À 13 mois de l’échéance, les ambitions des candidats de la France insoumise et du Rassemblement national rendent déjà le scrutin municipal à caractère national, alors que d'autres partis examinent des alliances stratégiques.
Les élections des 15 et 22 mars s'annoncent comme la dernière grande étape avant l'élection « reine » de 2024. François Kraus, co-auteur d'une étude de l’Ifop pour l’Institut Terram, souligne : « À 13 mois de la présidentielle, on est obligé de lire les résultats des municipales comme un match-test ».
Jordan Bardella, président du RN, et Jean-Luc Mélenchon, leader de LFI, se mobilisent activement pour les municipales, visant la présidentielle. Marine Le Pen aspire à « préparer l’alternance à la présidentielle », tandis que Mélenchon promet de faire de ces élections une base solide pour sa campagne.
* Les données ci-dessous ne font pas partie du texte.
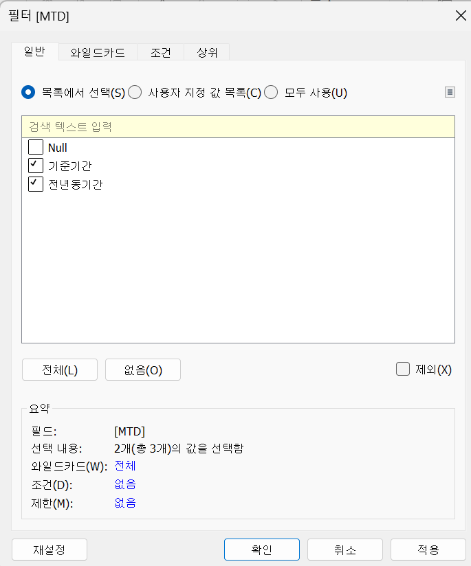 - 필터 - 기준월/월일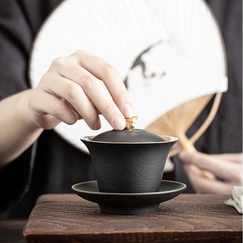 Японский стиль дзен грубая керамика покрытая чаша одна чаша Чаша чай чашка черная красная керамика Gaiwan праздничный простой чайный набор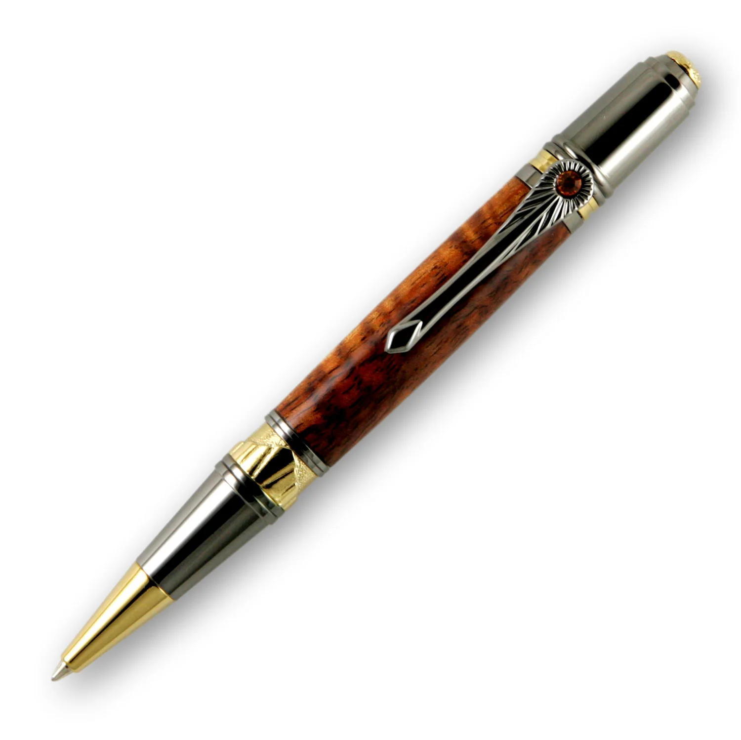 This is a shorter pen that fits comfortably in the hand and has a solid feel. The beautiful hand-turned Hawaiian Koa is finished with an acrylic layer that will never wear or fade. The pen features a sparkling Swarovski crystal set in the clip that completes this pen's appearance. The pen components are plated with high-quality Gold TN and Black TN.
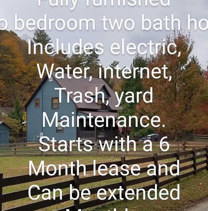 Lease term negotiable. Rural, Two bedroom, two bath home for rent in Butler, Tennessee. Located about 20 minutes from Mountain City. If you are moving to the area, have bought property and are planning to build, this might be exactly what you are looking for. It is normally an overnight rental that will be temporarily converted to a longer-term rental. It is fully furnished, with all utilities paid by the owners. Monthly price includes electric, water, trash service, cable, internet, and all yard maintenance. It is TurnKey ready and will be available starting March 1st 2023 Please message for more information or an application. $1800 per month. First month, last month and security deposit required. One small dog may be considered with an additional deposit. Minimum of a 6-month lease, which could be extended beyond the term of 6 months. all utilities including electric, water, trash service, internet and streaming TV apps are included in rental price. No smoking inside the house.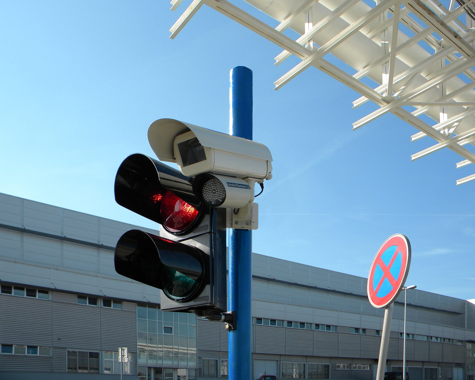 1. Zatímco v obvyklých úlohách strojového vidění je scéna stabilně a dostatečně osvětlena, zde si musí systém poradit s obrovským rozsahem jasů a nejistým kontrastem mezi tmavými znaky a světlým pozadím značky. Často je k dispozici pouze velmi malý a v ploše značky proměnlivý kontrast. Jas světlého pozadí v jednom místě značky bývá nižší než jas tmavého znaku v jiné části značky. Systémy obvykle musí pracovat i v noci, kdy je nutno číst tmavou značku mezi zářícími světlomety automobilu. Zde je nutno použít doplňkové osvětlení, které ale nesmí nijak oslňovat a rušit řidiče. Jedinou možností je použití blízkého infračerveného světla s vlnovou délkou kolem 900 nm, které je již neviditelné pro lidské oko a současně je ještě dobře „viditelné“ pro křemíkové CCD obrazové senzory. Výhodou tohoto řešení je také to, že obrazy pořízené v bízkém IR spektru se svým rozdělením jasů ještě značně podobají lidskému vidění obrazu. V uváděné aplikaci je s výhodou použita černobílá CCD kamera DataCam 1416 s rozlišením 1392 × 1040 bodů, která má vysokou citlivost v blízkém IR spektru. Kamera je vybavena vestavěným filtrem propouštějícím pouze tuto část spektra.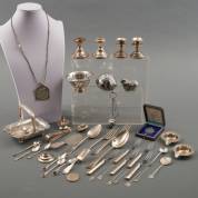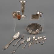 Divers klein zilverwerk, diverse gehaltes, waaronder vijf 2e gehalte zilveren zoutlepeltjes en anjervaasje, gewicht zilver 272 gram, anjervaasje circa 12 × Ø 5 cm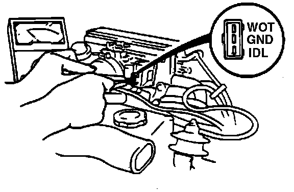 3. Insert appropriate thickness gauge between throttle and adjustment screw. Check for continuity between terminals. Use the following chart to determine the need for adjustment.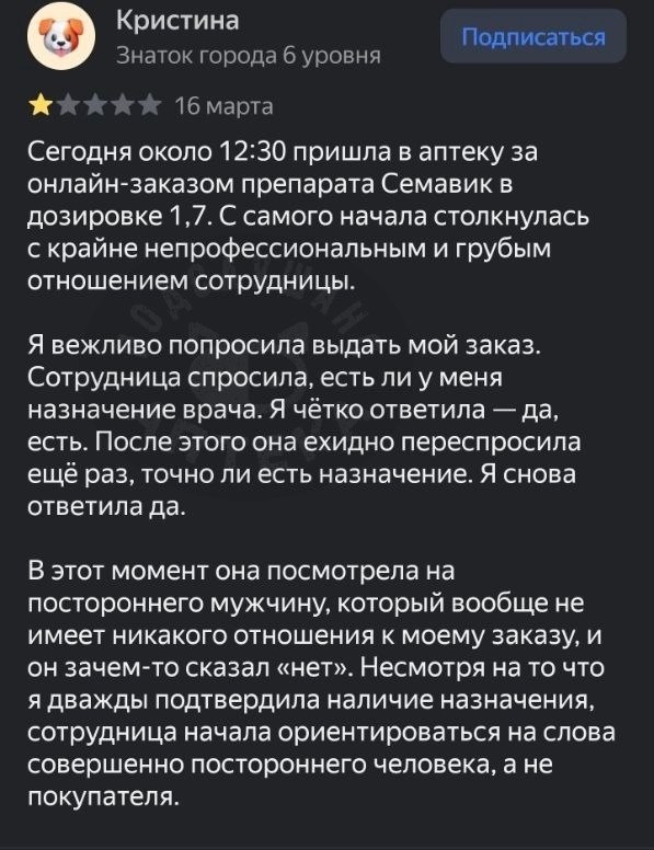 Пришла пара за заказом, а в заказе Семавик. На вопрос -«есть ли назначение?» ответила «нет». Я еще раз уточняю «точно нет назначения?». Она «нет».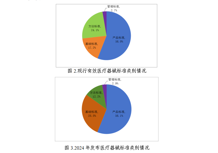 2.標(biāo)準(zhǔn)體系結(jié)構(gòu)更加完善。按標(biāo)準(zhǔn)規(guī)范對象統(tǒng)計,現(xiàn)行有效醫(yī)療器械標(biāo)準(zhǔn)中基礎(chǔ)標(biāo)準(zhǔn)349項(占比17.2%);管理標(biāo)準(zhǔn)54項(占比2.7%);方法標(biāo)準(zhǔn)488項(占比24.1%);產(chǎn)品標(biāo)準(zhǔn)1132項(占比56.0%)(見圖2)。2024年發(fā)布基礎(chǔ)標(biāo)準(zhǔn)40項(占比28.8%);管理標(biāo)準(zhǔn)4項(占比2.9%);方法標(biāo)準(zhǔn)17項(占比12.2%);產(chǎn)品標(biāo)準(zhǔn)78項(占比56.1%)(見圖3)。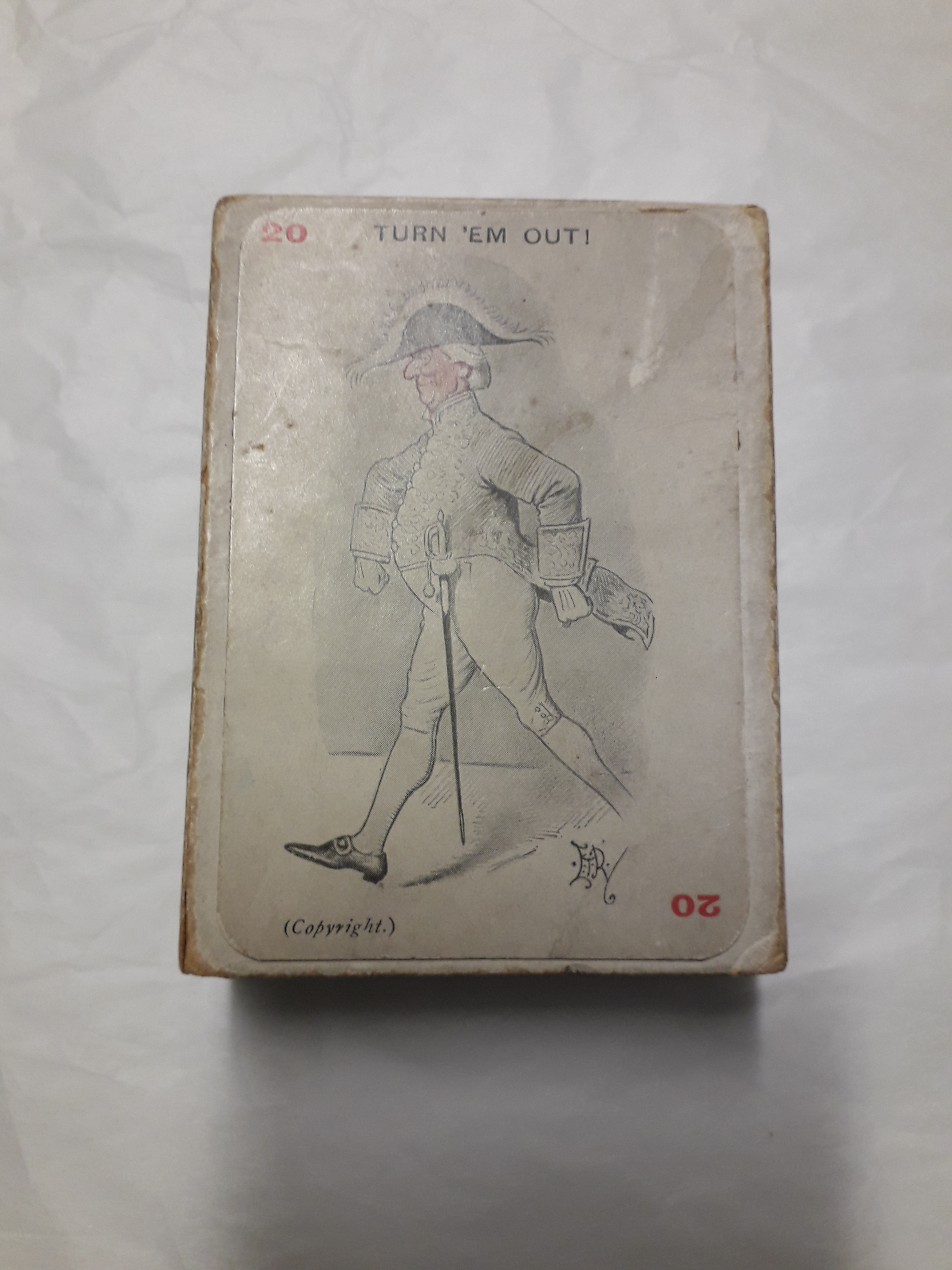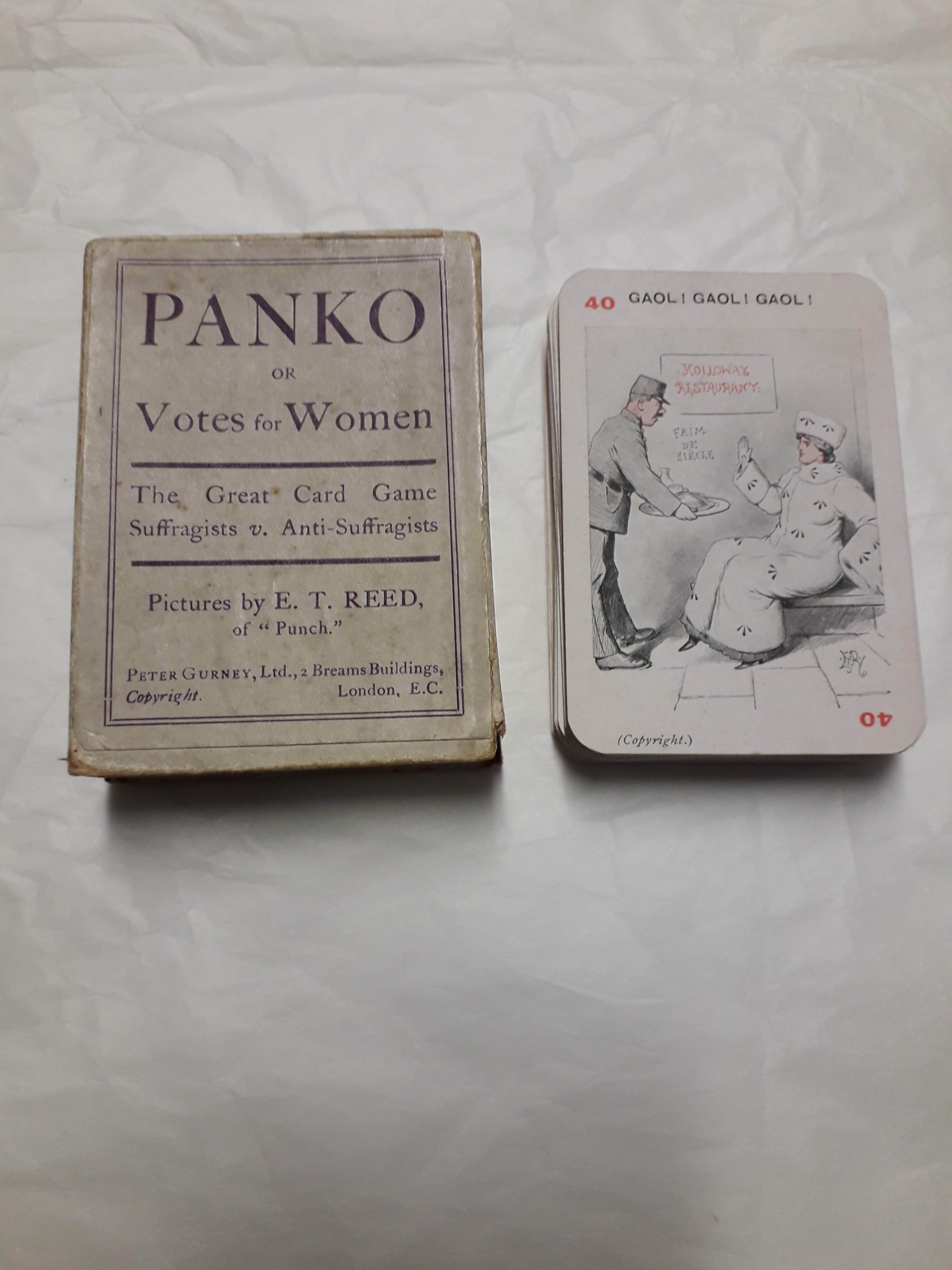 Each card features a purple and white design onthe reverse, and cartoons of political figures, policemen and suffragettes on the obverse. Cartoons designed by E.T. Reed of Punch magazine. The game was designed and sold by the Women's Social and Political Union to raise funds, as well as by independent merchants.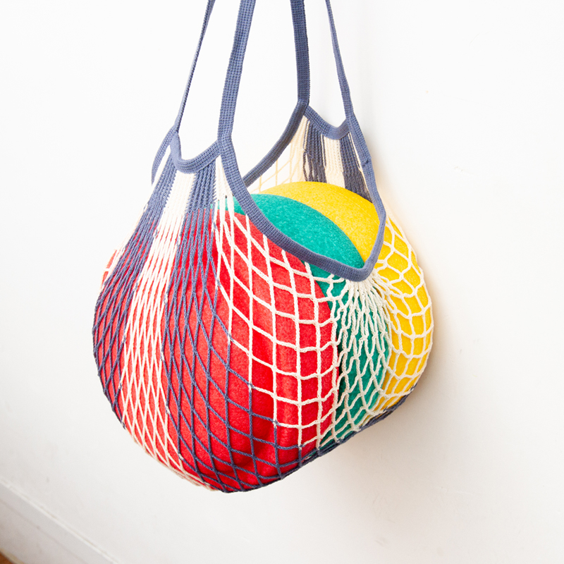 コットンの網状になっており伸縮性があるネットバッグ。見た目よりたくさん入ります。

Bien que ces partis radicaux soient moins présents dans les exécutifs locaux, ils se concentrent sur les sénatoriales et la constitution des parrainages pour la présidentielle, comme l'affirme Kraus.
Stratégies et alliances : enjeux pour le PS et LR
Les formations traditionnelles, telles que le Parti socialiste et Les Républicains, se préparent à la suite des municipales en considérant des alliances cruciales pour le second tour. Cela pourrait aboutir à des ententes entre LFI et d'autres partis de gauche, ou entre le RN et LR, révélateurs des dynamiques électorales pour 2027.
Gilles Finchelstein, expert et co-auteur d’une étude d’Ipsos pour Le Monde, s’inquiète : « Comment une victoire du RN dans le sud-est pourrait-elle amorcer une union de la droite et de l’extrême droite ? » Quant à la gauche, un rapprochement entre le PS et LFI demeure envisageable, malgré de récents conflits.
La dynamique s'avère similaire à droite, où le RN, montant dans les sondages, pousse à l’idée d’un candidat commun. Actuellement, le camp présidentiel reste discret, bien que des figures comme Édouard Philippe, candidat à Le Havre, investissent beaucoup dans ces élections locales.
Fabien Roussel, candidat communiste, joue également son avenir à Saint-Amand-les-Eaux, face à la menace RN.
Une montée du RN sur la Côte d'Azur ?
Les enjeux nationaux se font particulièrement ressentir dans les grandes villes. À Paris, les résultats seront probablement déterminés entre Emmanuel Grégoire, représentant de la gauche hors LFI, et Rachida Dati, soutenue par LR et le MoDem. Si Pierre-Yves Bournazel, candidat Horizons, maintient sa participation, cela pourrait compliquer les plans du camp socialiste.
François Kraus note qu'une forte présence du RN sur la Côte d’Azur ou une victoire d'Éric Ciotti, allié du RN, pourrait nuire aux ambitions présidentielles de Bruno Retailleau, chef de LR. À Marseille, la situation est tout aussi tendue, où Benoît Payan pourrait être jugé par le soutien des républicains.